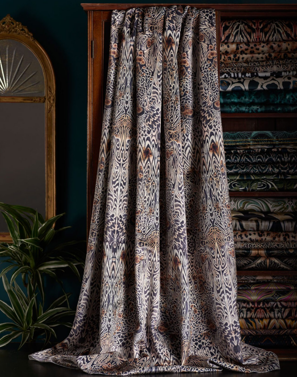 Our newest leopard pattern, Vespertine, features butterfly undertones from the 1920s. Soft pinks blend with black, coffee, and nude hues in this lovely and adaptable pattern.
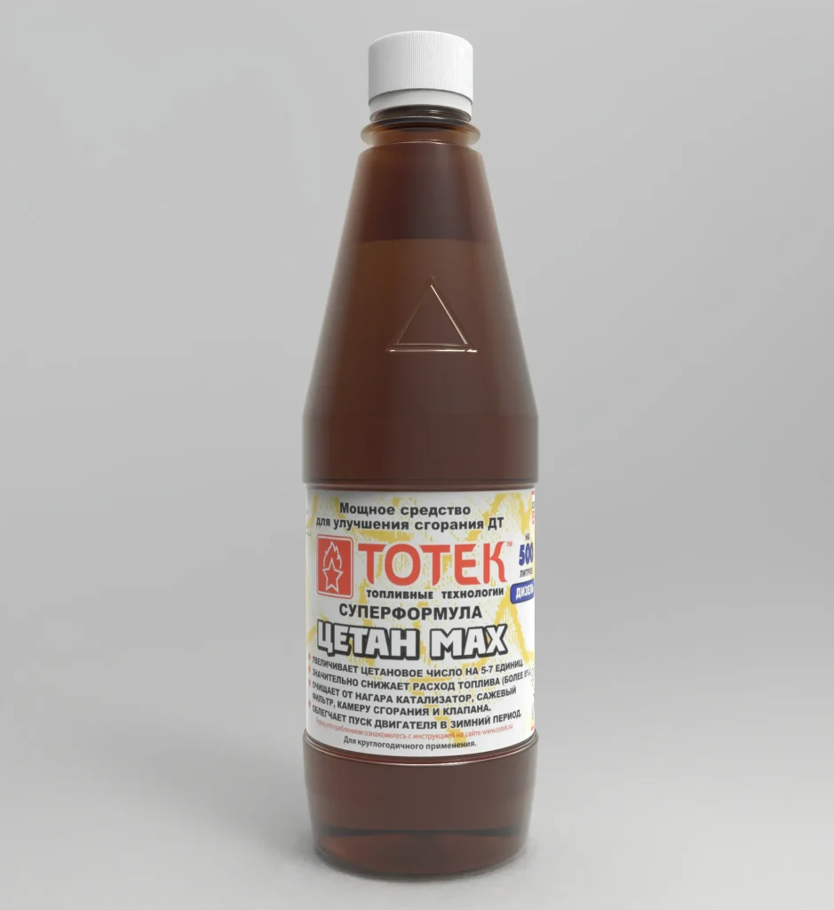 Препарат для тюнинга дизельного топлива получила коммерческое название :ТОТЕК Цетан МАХ (500)суперформула. В неброском флаконе, но высоко функциональной удобной для употребления формы, заключено вещество, поистине сгусток интеллектуального труда учёных химиков, нефтехимиков, ракетчиков и мотористов. Которое позволяет снизить расход топлива до 7,8%, повысить мощность и крутящий момент двигателя, удалить все нагары в камере сгорания, на форсунках, и не допускать их образования на протяжении всего периода использования присадки в топливе, позволяет продлить срок службы двигателя минимум в 1,3 раза, топливной аппаратуры до двукратного. Улучшить экологию, снизить вредные  выбросы в атмосферу до 60% и более. Всё это стало возможным благодаря применению нанотехнологий управления горением — благодаря этой технологии, в двигателе сгорают почти все углеводороды, синхронизируется процесс горения с углом поворота коленчатого вала, усиливается импульс давления поршневых газов, что значительно оптимизирует работу дизельного двигателя даже при использовании некачественного дизельного топлива.
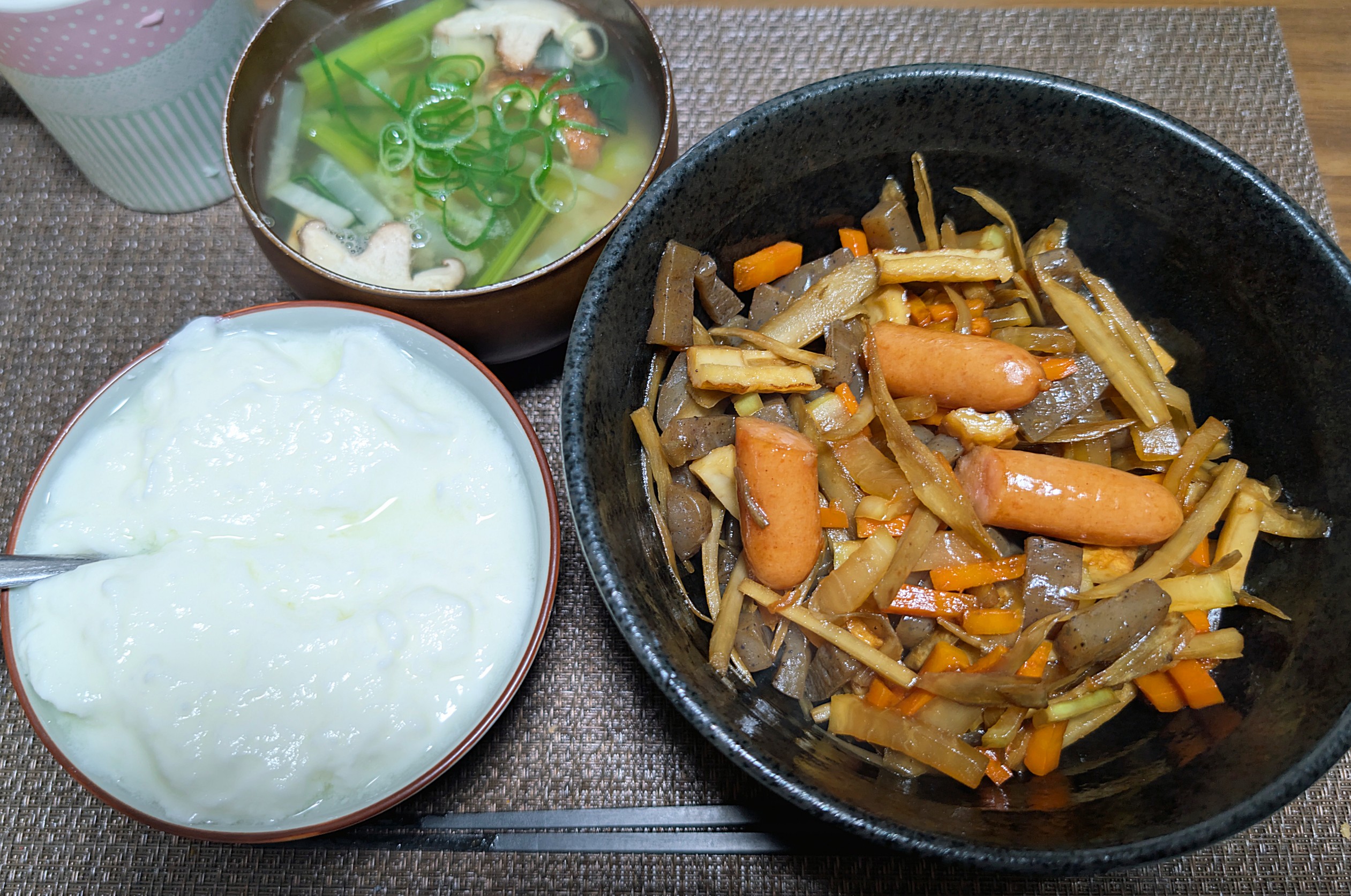 朝は、卵納豆とおせち残りラスト うま! **** 昼は、卵ウィンナーやきそば 妻... -
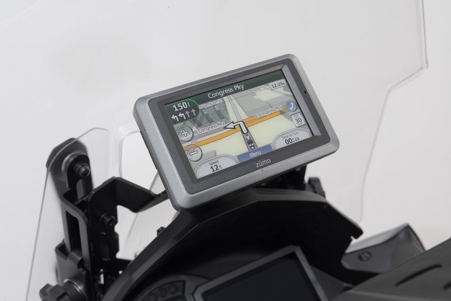 In order to achieve optimal positioning, a powder-coated steel plate ensures the stable attachment of the GPS mount on original attachment points in the cockpit. Clever positioning, vibration dampening and easily removable: The bike-specific GPS mount combines all of these features. The pivotable holder can be removed in an instant and its universal drill-hole pattern allows the attachment of many current models of GPS devices as the Navi Case Pro device cases and smartphone hardcases from SW-MOTECH. Its integrated shock absorption protects your device against vibrations.
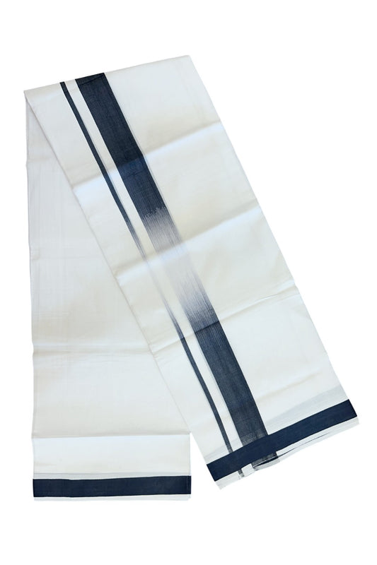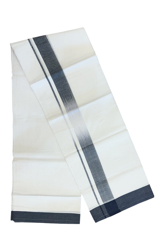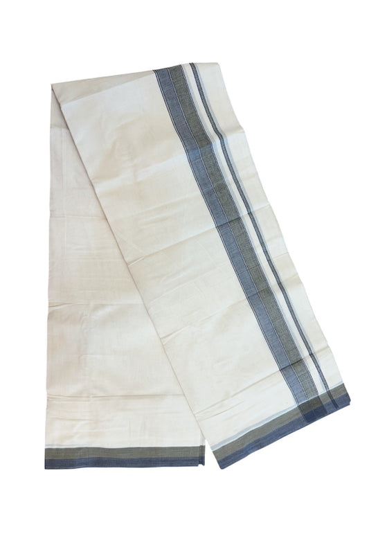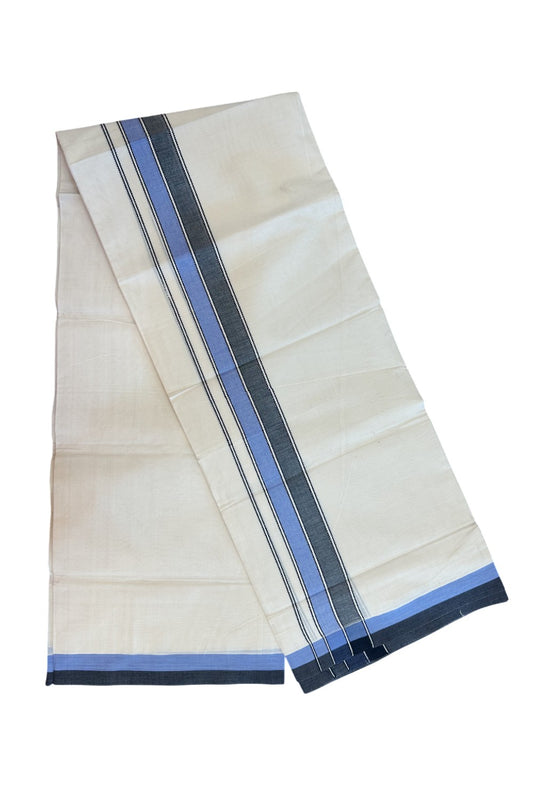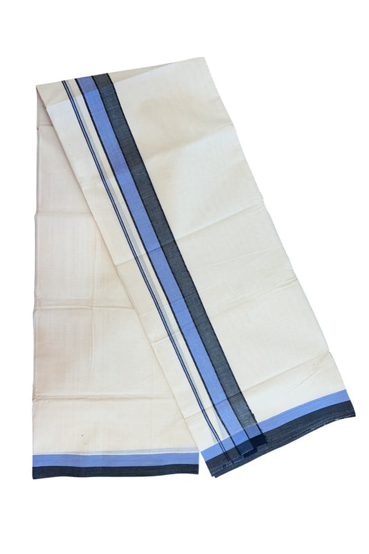 20% Discount! KaithariKada Balaramapuram 100% Cotton Off White Double (Unbleached) Mundu/Dhoti-100x80 - 2 inch Blue & Black shaded designer kara 4 mtr (8.5 muzham) - 119KK5220 THI

YOUR OBJECTIVE: From the line containing "朝は、卵納豆とおせち残りラスト うま! ****" through the final line of the listing above, reproduce every line exactly, with no pictures.

YOUR SOLUTION:
 朝は、卵納豆とおせち残りラスト うま! **** 昼は、卵ウィンナーやきそば 妻... -
 In order to achieve optimal positioning, a powder-coated steel plate ensures the stable attachment of the GPS mount on original attachment points in the cockpit. Clever positioning, vibration dampening and easily removable: The bike-specific GPS mount combines all of these features. The pivotable holder can be removed in an instant and its universal drill-hole pattern allows the attachment of many current models of GPS devices as the Navi Case Pro device cases and smartphone hardcases from SW-MOTECH. Its integrated shock absorption protects your device against vibrations.
 20% Discount! KaithariKada Balaramapuram 100% Cotton Off White Double (Unbleached) Mundu/Dhoti-100x80 - 2 inch Blue & Black shaded designer kara 4 mtr (8.5 muzham) - 119KK5220 THI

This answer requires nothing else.